Leveraging an equity stake becomes a means to take better advantage of skills and to build wealth. It becomes a way for a company not just to control its destiny in a chaotic economy but to simply do a better job in a world where quality and timeliness count all the more. It amounts to more than just taking stock in lieu of cash. It's about integrating a company's fortunes with its customers'—and, ultimately, making work more creative and meaningful in the process.

 

Providers of all sorts of professional services, once happy to settle for fees, are now asking their clients for stock. Their clients, for the most part small, start-up companies, are responding, knowing that stock is a cheaper currency in the short run and a powerful motivator over the long haul. Consultants, lawyers, designers, public-relations specialists, and even bankers see not only more upside reward via equity but also a chance to make their work more varied and relationship-based. (See "The power of the Multiple: A Sampler," on page 52.) Jim Sweeney, a former consultant who was recruited to be the CEO of health-care start-up Bridge Medical, says, "This is a hot topic for all consultants right now." Sweeney, who is currently working with consultants from Parthenon Group, in Boston, believes that those who don't want to embrace it "will become competitively disadvantaged." Parthenon's CEO, Bill Achtmeyer, agrees: "Businesspeople make return-on-investment judgments every day, and CEOs are often incented by the rise and fall of the stock price. If we think we can provide good strategic advice, then we ought to take similar risks." In the case of Bridge Medical, Parthenon took all of its fee in stock.

The multiple is also a democratizing force. It unleashes the wealth-building potential for service providers—and their employees—that traditionally was held by the select "money" people: investment bankers, venture capitalists, angels, and high-growth companies dabbling in strategic partnering. Now a firm like Lunar, ostensibly tied to one narrow discipline, is assuming a far broader and more textured identity—a multiple personality of sorts. Lunar has become a de facto venture capitalists and is about to start developing its own products to entice others. It looks for good ideas wherever they may occur—in small start-ups and large corporations, and inside the heads of its own designers. It has built a virtual network of experts that it can tap to get an idea from concept to market as quickly as and as cost-effectively as possible. As it puts together projects Lunar retains as much of the equity as possible, keeping it in the hands of the people who have actually created the value. The sense of shared ownership and common reward is the unifying principle behind the power of the multiple.
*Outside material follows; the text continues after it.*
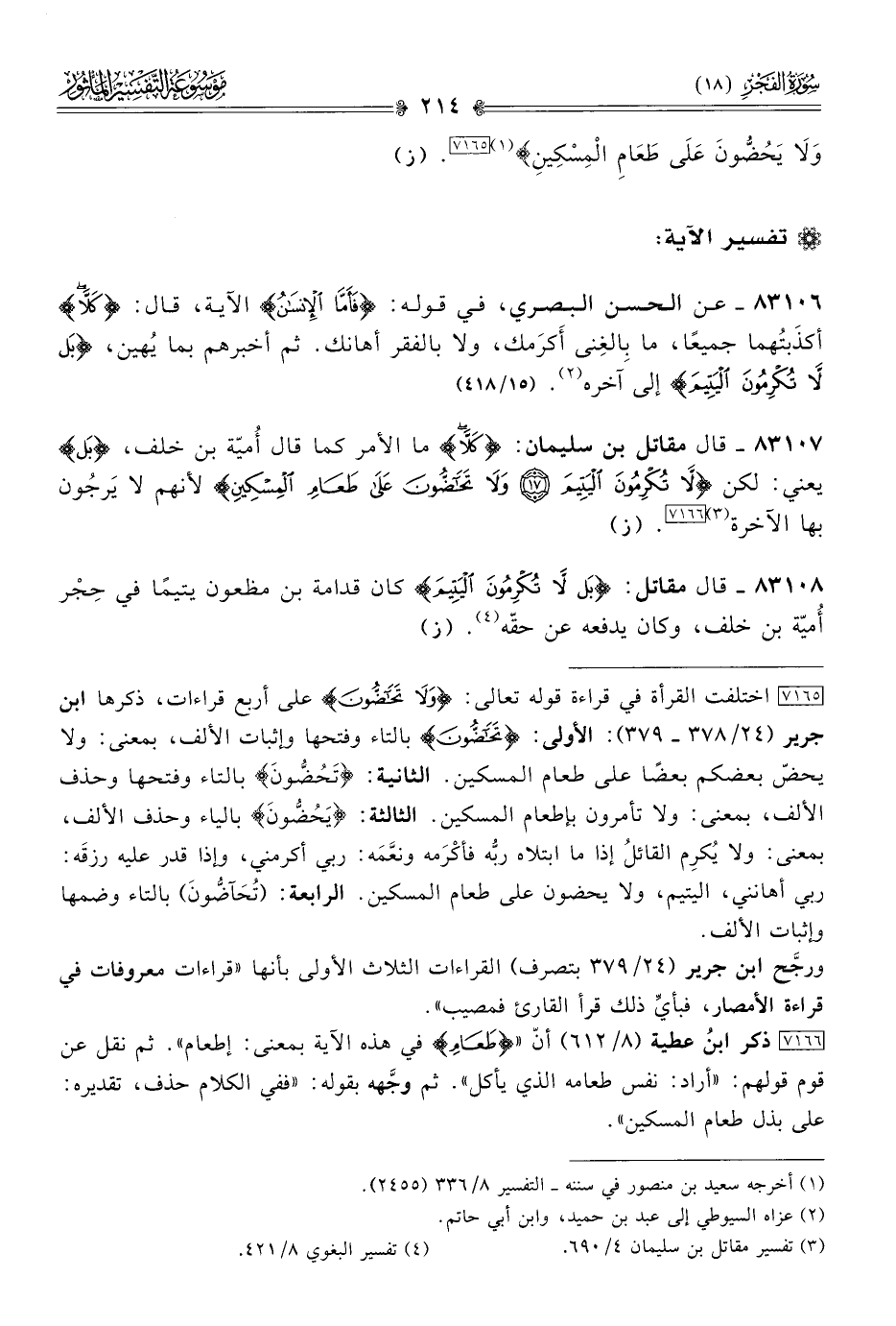 [٧١٦٥] اختلفت القرأة في قراءة قوله تعالى: {ولا تَحاضُّونَ} على أربع قراءات، ذكرها ابن جرير (٢٤/ ٣٧٨ - ٣٧٩): الأولى: {تَحاضُّونَ} بالتاء وفتحها وإثبات الألف، بمعنى: ولا يحضّ بعضكم بعضًا على طعام المسكين. الثانية: «تَحُضُّونَ» بالتاء وفتحها وحذف الألف، بمعنى: ولا تأمرون بإطعام المسكين. الثالثة: «يَحُضُّونَ» بالياء وحذف الألف، بمعنى: ولا يُكرِم القائلُ إذا ما ابتلاه ربُّه فأكْرَمه ونعَّمَه: ربي أكرمني، وإذا قدر عليه رزقَه: ربي أهانني، اليتيم، ولا يحضون على طعام المسكين. الرابعة: (تُحَآضُّونَ) بالتاء وضمها وإثبات الألف.

Opportunities for companies like Lunar have been increased by a fertile investment niche opened by a mismatch between the high degree of entrepreneurial innovation in today's economy and the changed demands of venture capital. "There are a tremendous number of really good ideas out there that don't get done," says Gary Cantu, a high-tech entrepreneur who is currently working with Lunar Design. "Venture capitalists used to support seed-level deals, but that has changed drastically. Ideas in the $250,000-to-$1-million range are harder to fund because venture capitalists are looking for bigger chunks of stock and bigger returns."

That is where Lunar Design and its virtual network of partners fit in. Together they can pool their capital and invest smaller sums in the start-ups that are flying below the venture capitalists' radar. "We want to back anybody with a good idea and the right technology but who does not have the resources," says Smith. Lunar wants the ideas that would otherwise fall through the cracks.